Der Ansatz politischer Bildungsarbeit muss auf Differenzierung achten. So wie es sich politische Bildung zur Aufgabe gemacht hat, Geschlechterverhältnisse zu hinterfragen, so muss es ihr gelingen, mit den Konfliktpotentialen zwischen Mehrheits- und Minderheitsangehörigen konstruktiv und zielgerichtet umzugehen. Ebenso wie die Kategorie Gender muss auch die Tatsache, dass Deutschland eine Migrationsgesellschaft ist, ein Querschnittsthema der politischen Bildung sein, das immer mitgedacht werden muss.
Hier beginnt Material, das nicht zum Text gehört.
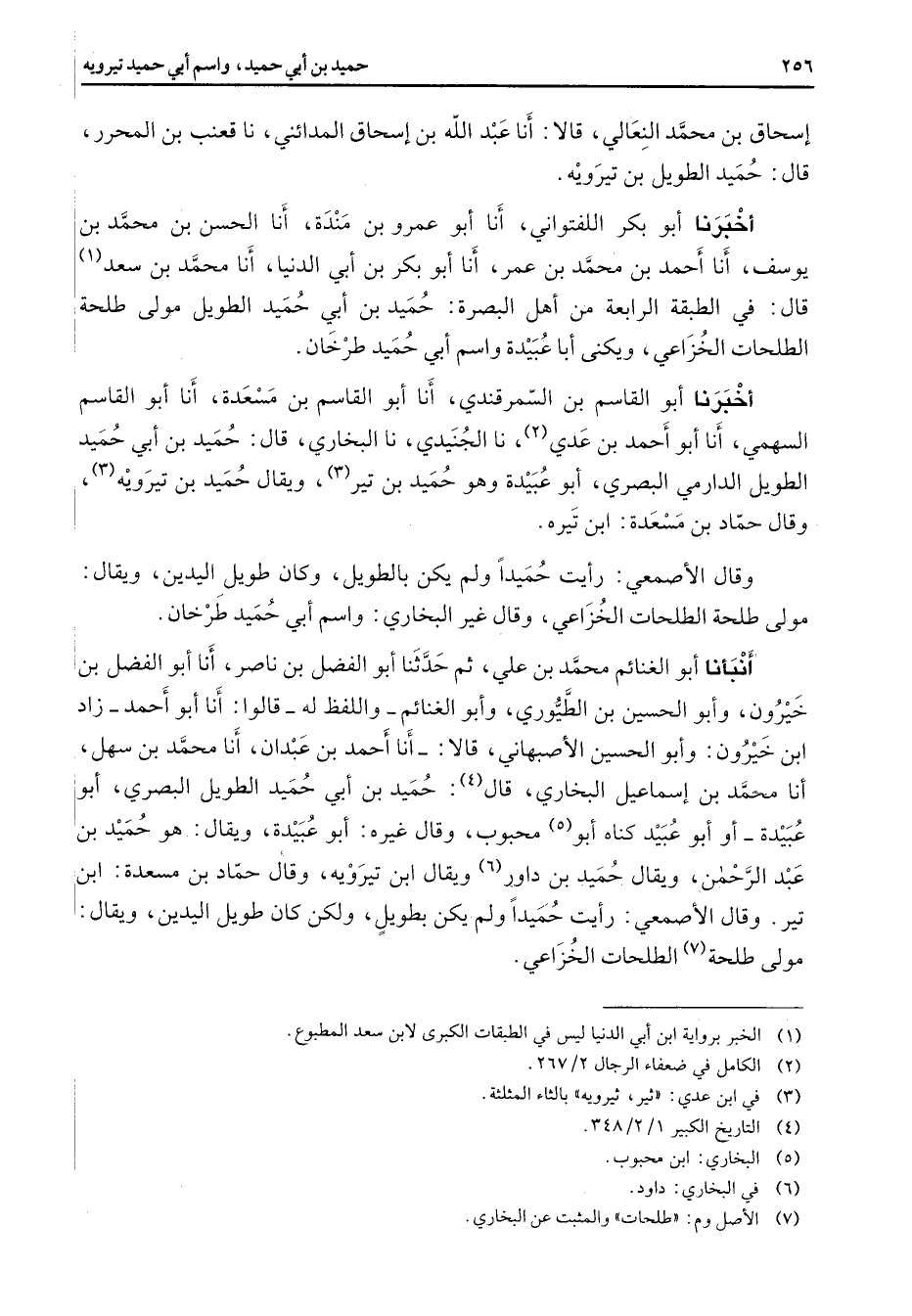 إسحاق بن محمد النعالي قالا أنا عبد الله بن إسحاق المدائني نا قعنب بن المحرر قال حميد الطويل بن تيرويه أخبرنا أبو بكر اللفتواني أنا أبو عمرو بن مندة أنا الحسن بن محمد بن يوسف أنا أحمد بن محمد بن عمر أنا أبو بكر بن أبي الدنيا أنا محمد بن سعد (1) قال في الطبقة الرابعة من أهل البصرة حميد بن أبي حميد الطويل مولى طلحة الطلحات الخزاعي ويكنى أبا عبيدة واسم أبي حميد طرخان أخبرنا أبو القاسم بن السمرقندي أنا أبو القاسم بن مسعدة أنا أبو القاسم السهمي أنا أبو أحمد بن عدي (2) نا الجنيدي نا البخاري قال حميد بن أبي حميد الطويل الدارمي البصري أبو عبيدة وهو حميد بن تير (3) ويقال حميد بن تيرويه (3) وقال حماد بن مسعدة ابن تيره وقال الأصمعي رأيت حميدا ولم يكن بالطويل وكان طويل اليدين ويقال مولى طلحة الطلحات الخزاعي وقال غير البخاري واسم أبي حميد طرخان أنبأنا أبو الغنائم محمد بن علي ثم حدثنا أبو الفضل بن ناصر أنا أبو الفضل بن خيرون وأبو الحسين بن الطيوري وأبو الغنائم واللفظ له قالوا أنا أبو أحمد زاد ابن خيرون وأبو الحسين الأصبهاني قالا أنا أحمد بن عبدان أنا محمد بن سهل أنا محمد بن إسماعيل البخاري قال (4) حميد بن أبي حميد الطويل البصري أبو عبيدة أو أبو عبيد كناه أبو (5) محبوب وقال غيره أبو عبيدة ويقال هو حميد بن عبد الرحمن ويقال حميد بن داور (6) ويقال ابن تيرويه وقال حماد بن مسعدة ابن تير وقال الأصمعي رأيت حميدا ولم يكن بطويل ولكن كان طويل اليدين ويقال مولى طلحة (7) الطلحات الخزاعي

Politische Bildung kann dazu beitragen, dass Jugendliche mit und ohne Migra-tionshintergrund Antworten auf Orientierungs- und Zukunftsfragen selbst bestimmt finden können und eine eigene Position innerhalb des demokratischen Gemeinwesens für sich entwickeln. Es ist wichtig, unterschiedliche Erfahrungen und Perspektiven der Mehrheiten und Minderheiten in den Blick zu nehmen und sie in einem kontinuierlichen Verständigungsprozesses ins Verhältnis zu setzen - ein Prozess, der alle in Deutschland lebenden Menschen als Teil der Gesellschaft mit einbezieht, so dass eine gleichberechtigte Teilhabe am politischen, sozialen, ökonomischen und kulturellen Leben für alle hier lebenden Menschen möglich wird.